**** GIVEN DATA ****

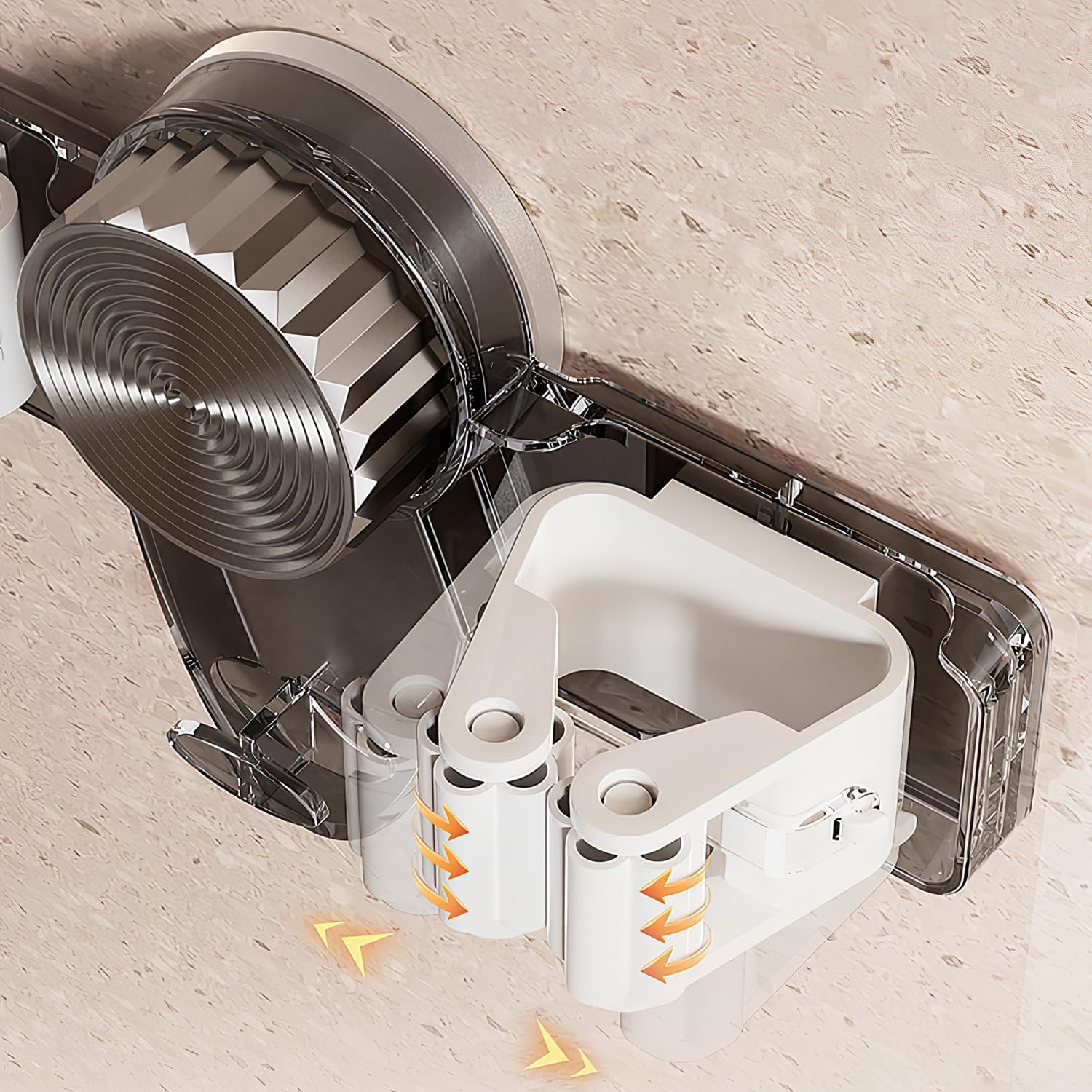 2PCS Broom Holder Mop Hanger,No punching required Broom Hanger Organizer,Broom Holder Wall Mountfor Bathroom, Kitchen, Office,Utility Room,Laundry Room(White+Gray)
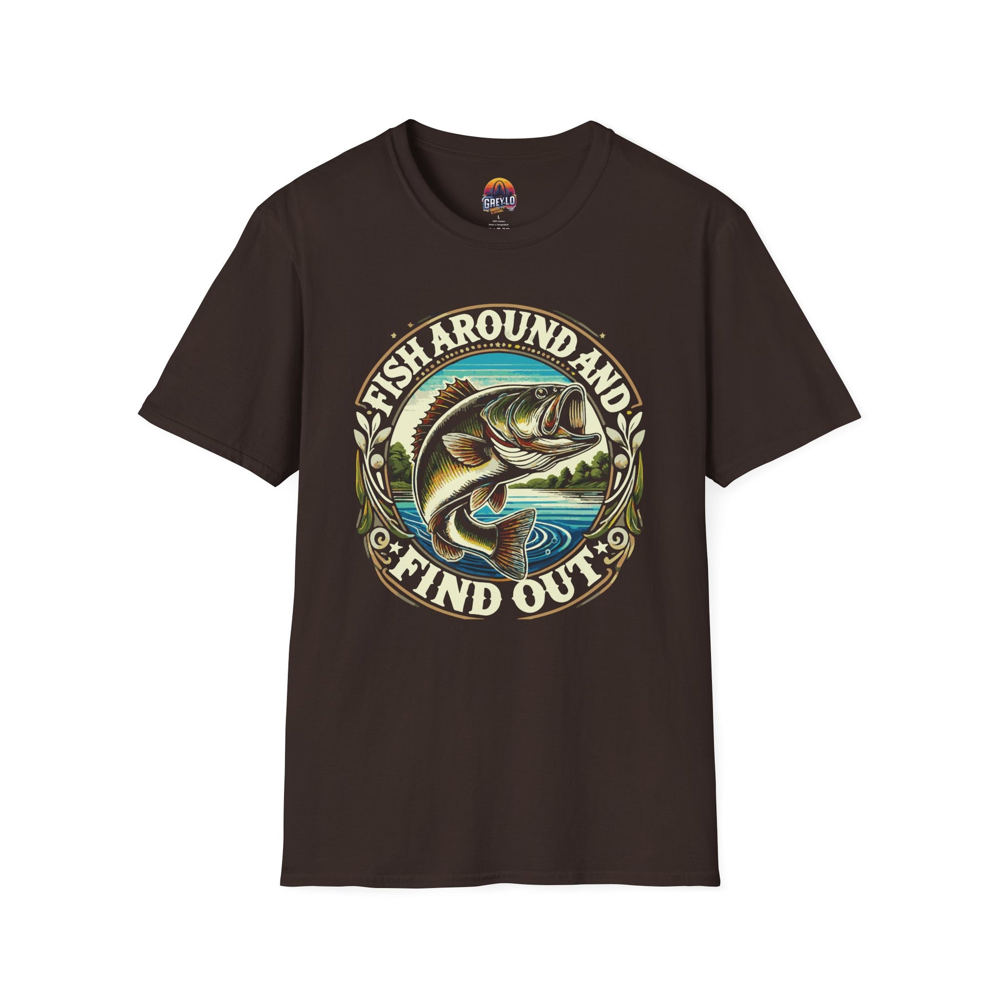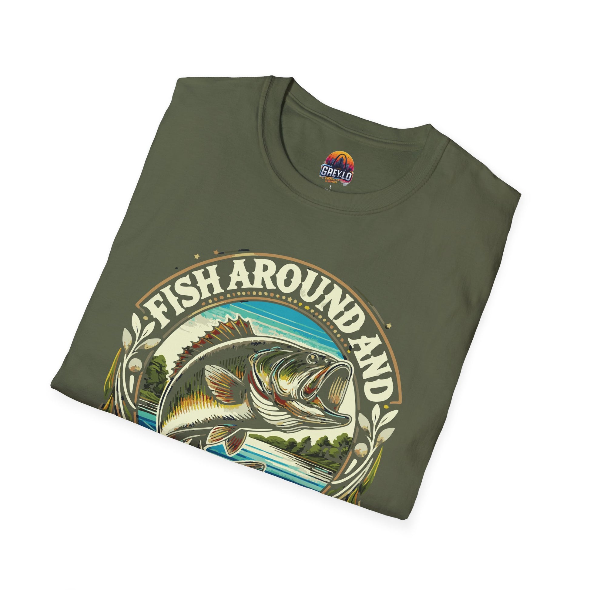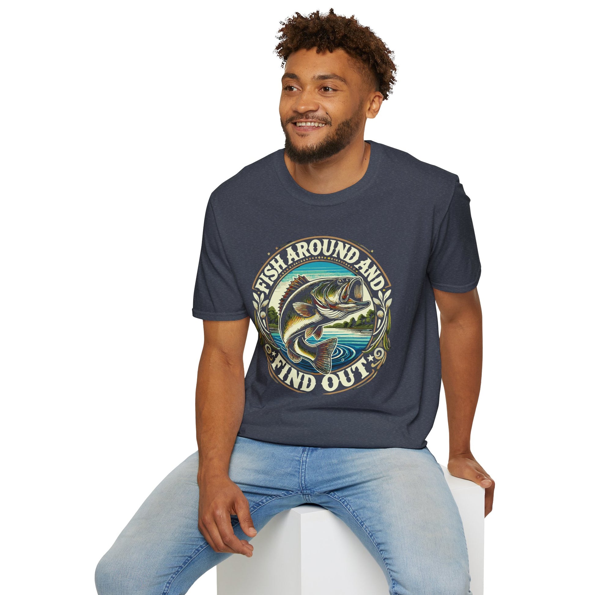 The Fish Around And Find out Graphic Tee is a unisex softstyle T-shirt perfect for men and women who love fishing. It is made from durable and smooth fabric that is perfect for printing. This tee is lightweight and comfortable for year-round wear, featuring a classic fit with a crew neckline for a versatile style suitable for any occasion.
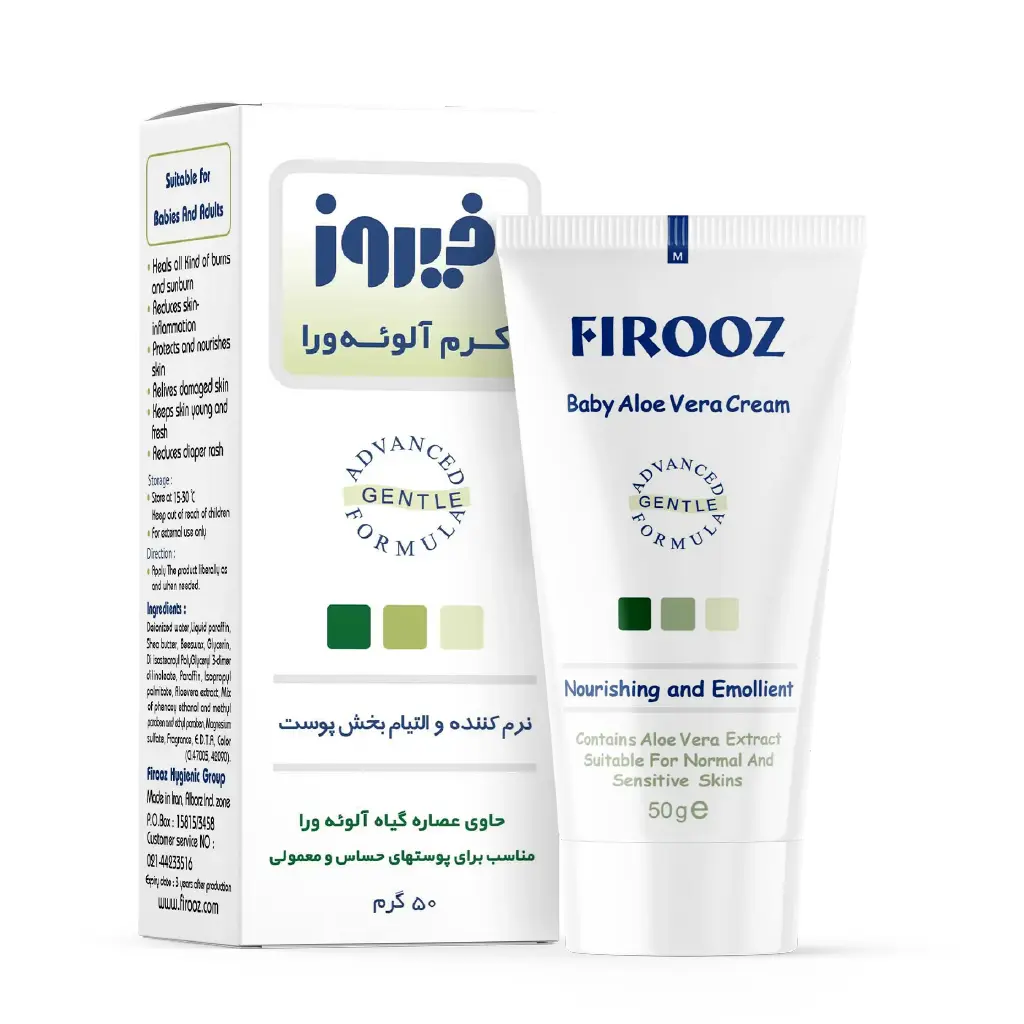 فیروز کرم آلوئه ورا بچه نرم کننده و التیام بخش پوست مناسب برای پوستهای حساس و معمولی 50 گرم
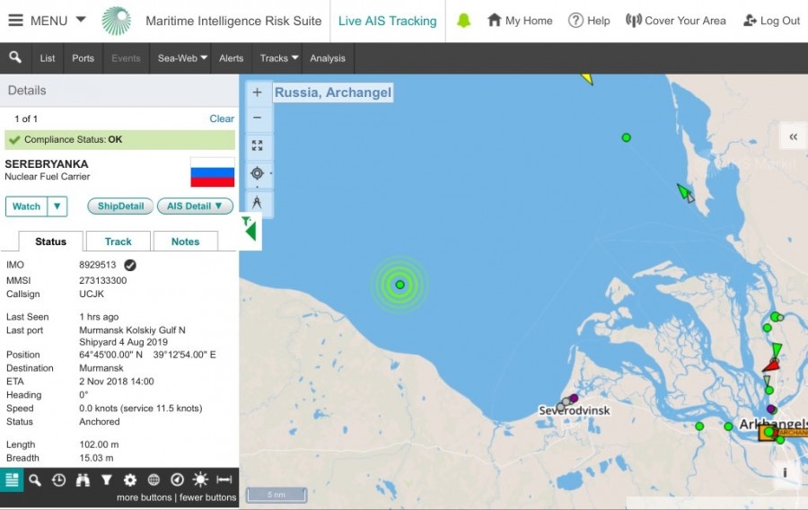 Но. Данные онлайн-мониторинга ряда ресурсов (включая Planet) показывают, что в это время рядом с полигоном находился транспортный танкер "Серебрянка" ФГУП "Атомфлот", предназначенный для приема, временного хранения, транспортировки и выдачи жидких радиоактивных отходов. Т.е. некое ЧП могло случиться либо на борту "Серебрянки", либо все же в результате некоего неудачного испытания ракеты, взрыв которой каким-то образом мог повлиять и на этот танкер.
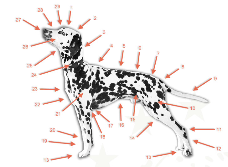 Je mehr Muskulatur umso weniger ist und bleibt er ein ausdauernder Laufhund. Aber nicht nur die Ausdauer ist es die diese Rasse für viele Menschen ansprechend macht sondern auch seine Größe und das Gewicht. Ein leichter und zarter Dalmatiner ist für den Menschen viel besser zu halten. Es ist schon ein Unterschied ob sie mit 25 oder 35 kg Hund spazieren gehen, besonders dann wenn er sich mal richtig in die Leine legt. Der DDV e.V. richtet sich nach dem FCI Rassestandard jedoch mit einigen wenigen Abweichungen:
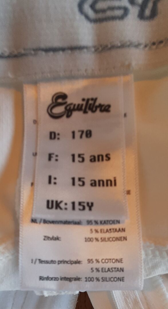Children's show breeches Equilibre size 170 full seat grip - Children's competition breeches Size: 170 Brand: Equilibre Color: white Grip (full seat) original price: 54,90€ For sale for 30€ The breeches are in good condition. They have rarely been worn. No holes! Only three pin-sized stains (see picture) Shipping is possible against payment of the shipping costs. PayPal among friends is also possible. This is a private sale. Therefore no warranty and no return.
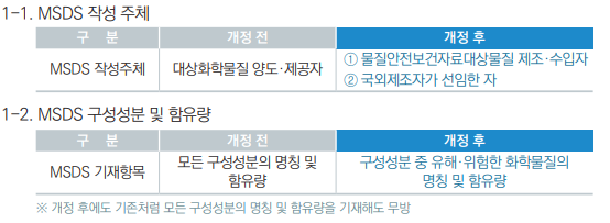 1) MSDS 작성주체와 기재대상 성분 병경되었습니다.
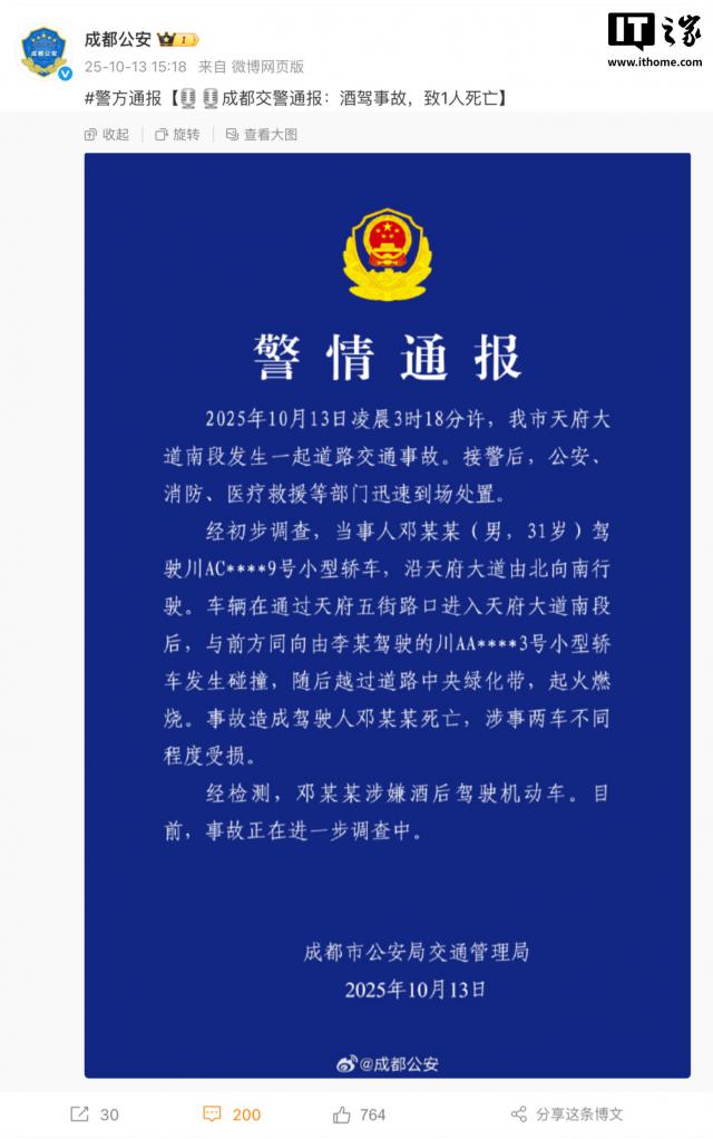 IT之家10月13日消息,成都市公安局交通管理局于10月13日15時(shí)18分發(fā)布通報(bào),2025年10月13日凌晨3時(shí)18分許,天府大道南段發(fā)生一起道路交通事故。接警后,公安、消防、醫(yī)療救援等部門(mén)迅速到場(chǎng)處置。

****

→ **WORK TASK**
Return the material line for line, from its beginning to the line that contains "فیروز کرم آلوئه", with the pictures left out.

→ **WRITTEN RESPONSE**
 2PCS Broom Holder Mop Hanger,No punching required Broom Hanger Organizer,Broom Holder Wall Mountfor Bathroom, Kitchen, Office,Utility Room,Laundry Room(White+Gray)
 The Fish Around And Find out Graphic Tee is a unisex softstyle T-shirt perfect for men and women who love fishing. It is made from durable and smooth fabric that is perfect for printing. This tee is lightweight and comfortable for year-round wear, featuring a classic fit with a crew neckline for a versatile style suitable for any occasion.
 فیروز کرم آلوئه ورا بچه نرم کننده و التیام بخش پوست مناسب برای پوستهای حساس و معمولی 50 گرم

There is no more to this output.